By Mohammed Dhaysane
MOGADISHU, Somalia (AA) - The United Nations Food and Agriculture Organization (FAO) on Monday issued a drought alert for Somalia, highlighting the depleted Shabelle River.
The FAO said water levels in the river have reached historically low levels around the central city of Beletweyne, the provincial capital of the Hiiran region.
"Around 2 million people live in the riverine districts depending on Shabelle River for food production & livelihoods," the FAO said in a statement posted on Twitter.
The drought severity in Somalia has continued to worsen following a prolonged dry spell characterized by high temperatures.
"The drought conditions in Jubaland in southern parts of the country have deteriorated from severe to extreme," the UN agency said in a recent report on Somalia drought conditions.
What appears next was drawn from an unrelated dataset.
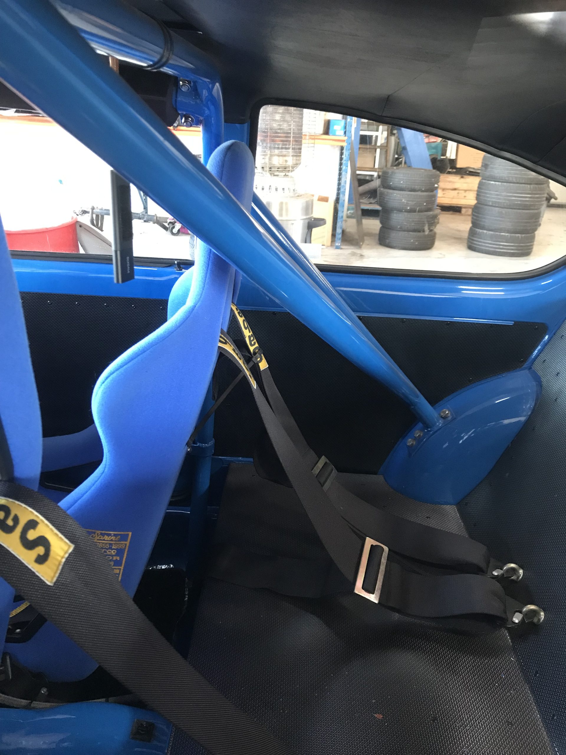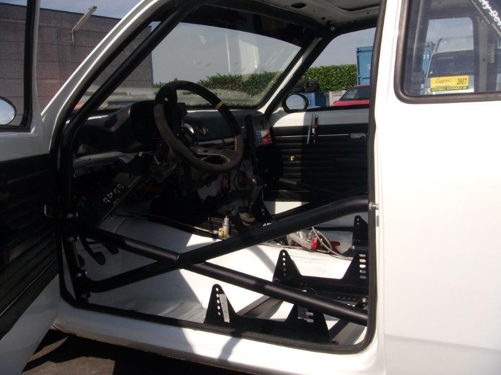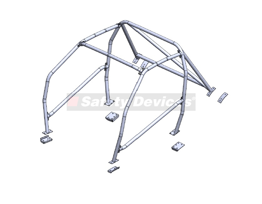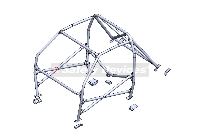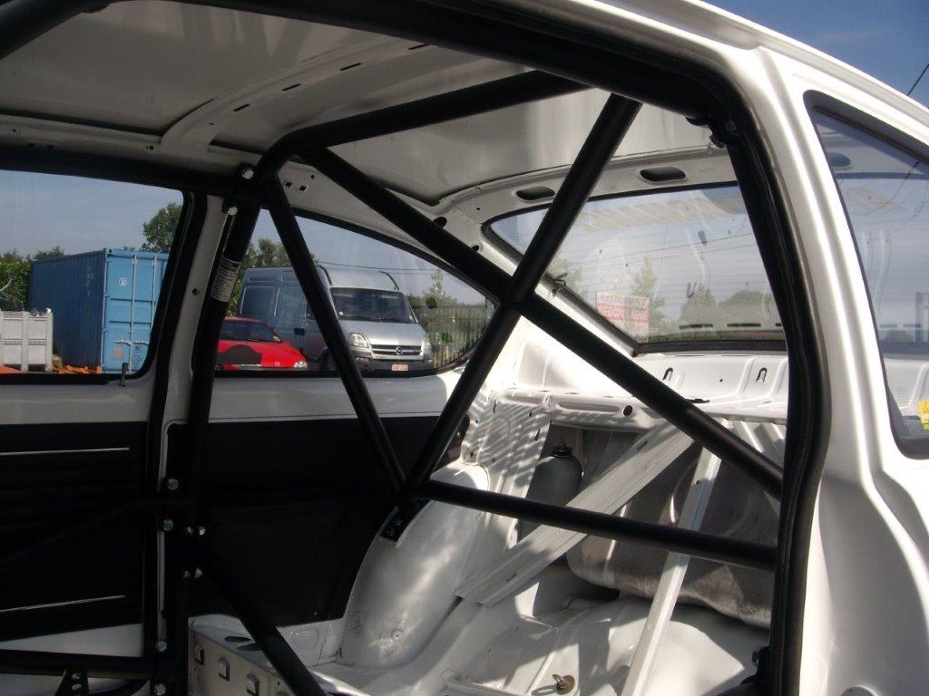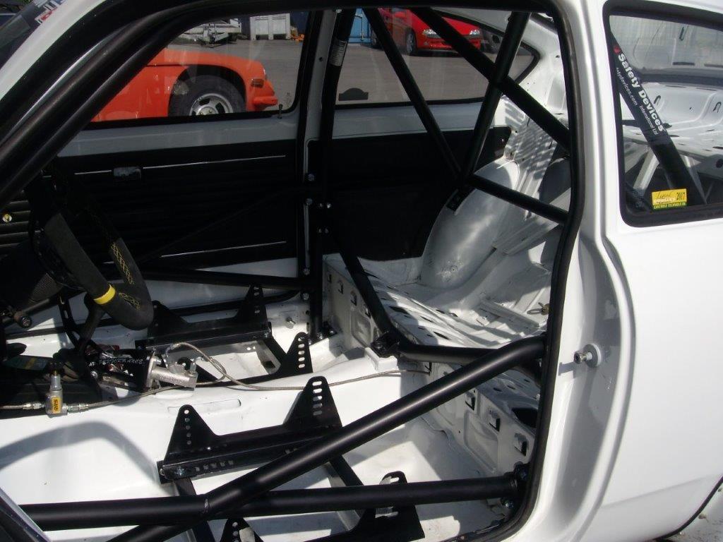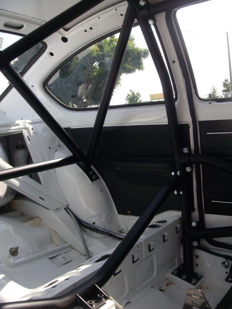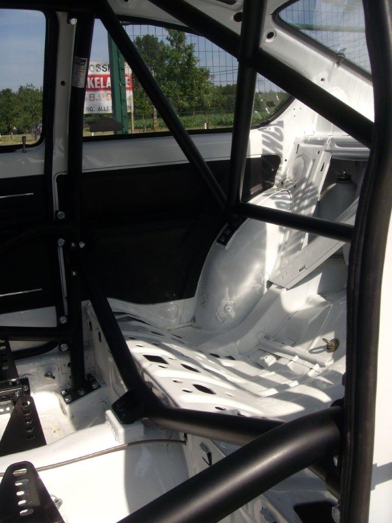 6-point bolt-in cage to clear normal trim and dashboard. Front cage mounts to floor. Rear cage mounts to floor and rear wheel arches. Universal door bars.

“Other areas that were experiencing mild drought conditions in the north are now facing moderate levels of drought with the situation expected to get worse. Wells are drying up rapidly while the river levels along the Juba and Shabelle continue to decrease at an alarming rate,” it said.
More than 90% of the country is experiencing drought conditions at different severity magnitudes, with the southern and central parts being worst affected, according to the FAO.
Pasture and water came to a complete depletion in many areas in the Horn of Africa nation, leaving an estimated 169,000 in displacement, according to the United Nations relief agency (UNOCHA).
This year, 7.7 million Somalis, nearly half the country's population, will need urgent humanitarian assistance.
The drought has already killed over 13 people including civilians in the Mudug and Gedo region, according to regional officials who spoke to Anadolu Agency over the phone.
Last November, Prime Minister Mohamed Hussein Roble declared a state of emergency, calling on the public, religious scholars, businesspeople, and the international community to unite and help people in need.